Two Successful BiSSL MS Defenses!
March 2023
Samuel Blair and Luis Rodriguez both successfully defended their MS theses! Luis will be staying in the BiSSL group for his Ph.D. and Samuel is starting a role in industry this summer. We’re all so proud of them!
Samuel’s thesis is titled: “A Bio-Inspired Network Approach to Improve Understanding of Engineering Makerspaces” and Luis his thesis is titled: “Ecosystem Decentralization as a Design Guidelines for Resilient Water Networks.” Both have multiple conference papers published on their thesis research and have journal papers currently under review.
BiSSL group hosting a STEM Saturday event with A&M’s Access & Inclusion office
February 25, 2023
Dr. Layton, along with Ph.D. students Hadear Hassan and Luis Rodriguez, will be hosting a bio-inspired engineering design event through Access & Inclusion’s STEM Saturday series, which targets A&M’s first-year general engineering students with fun ways to gain technical experience while learning more about various engineering disciplines to inform students’ entry to a major (ETAM) process.
Invited Speaker at the Workshop Convergent Sea Level Rise Adaptation for Urban and Rural Systems in the Gulf of Mexico, University of Miami
February 10-11, 2023
Dr. Layton will be giving a lightning talk at the NSF-funded Workshop Convergent Sea Level Rise Adaptation for Urban and Rural Systems in the Gulf of Mexico. Her talk “Nature’s Lessons for Resilient Systems” joins others seeking to collaborate to address the urban and rural system impacts of sea level rise.
Invited Research Seminar at UT Austin with the Center for Additive Manufacturing and Design Innovation
February 3, 2023
Dr. Astrid Layton was invited by the Center for Additive Manufacturing and Design Innovation (CAMDI) in the Cockrell School of Engineering at the University of Texas at Austin to share BiSSL group work on bio-inspired system resilience. Information about her talk, titled “Learning from Nature to Design Resilient Systems,” can be found in the flying below.

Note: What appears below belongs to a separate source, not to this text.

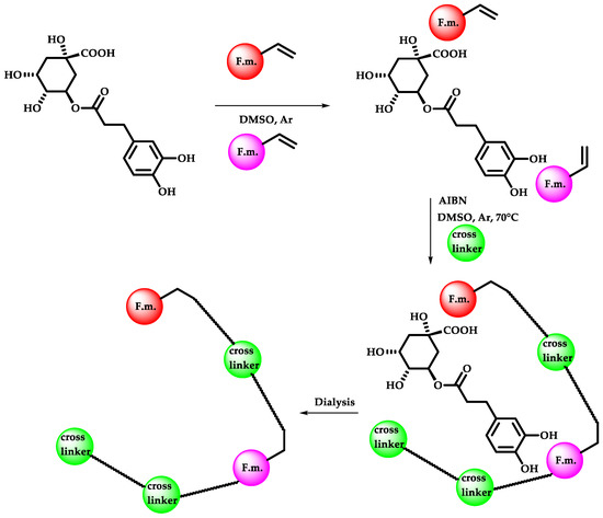 For each polymer, a non-imprinted polymer (fNIP) was also prepared as a control polymer using the same polymerization procedure and the same concentrations of monomers, but without the presence of H-5-CQA as the mimic template.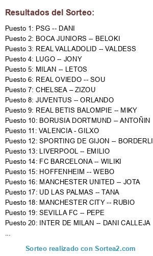 Resultados del sorteo:

The BiSSL group joins 1 of 16 teams that have been selected for NSF’s Convergence Accelerator Grant
December 19, 2022
NSF’s Convergence Accelerator is developing use-inspired solutions to address challenges aligned to the manufacturing, reuse and recycling of critical materials and products. The BiSSL group joins one of sixteen teams that have been selected for the program’s Track I: Sustainable Materials for Global Challenges.
ABSTRACT. This track I NSF’s Convergence Accelerator aims to converge advances in fundamental materials science with innovative design and manufacturing methods to couple their end-use and full life-cycle considerations for environmentally- and economically sustainable materials and products. Guided by this principle and motivated by the global goal of Net-Zero Emissions by 2050, this project focuses on demonstration of a sustainable production and manufacturing process for large-scale hydrogen deployment and critical materials mining from earth’s abundant hypersaline brines (e.g., seawater). Hydrogen is a green fuel that can help accelerate decarbonization processes, and materials such as Lithium and Rare Earth elements that are critical to U.S. supply chain independence. This project emphasizes transformation from a linear to a circular economy; it enables a convergent, innovative team of universities, industry partners, government agencies, and students/trainees to ensure that the knowledge developed transitions effectively into many aspects of practice. The proposed circular use of water for fuel by renewable energy and extraction of critical materials for renewable energy production has broad societal impacts for a sustainable future. This project integrates multidisciplinary thinking into the undergraduate and K-12 curriculum, producing future engineers and scientists with skills and interests to work on multidisciplinary problems. This research supports and benefits the local community, such as the Oregon Coast’s Blue Sector Partnership Network consisting of partners from workforce development, school districts (CTE), industry, government, research, maritime, municipalities, and blue technology.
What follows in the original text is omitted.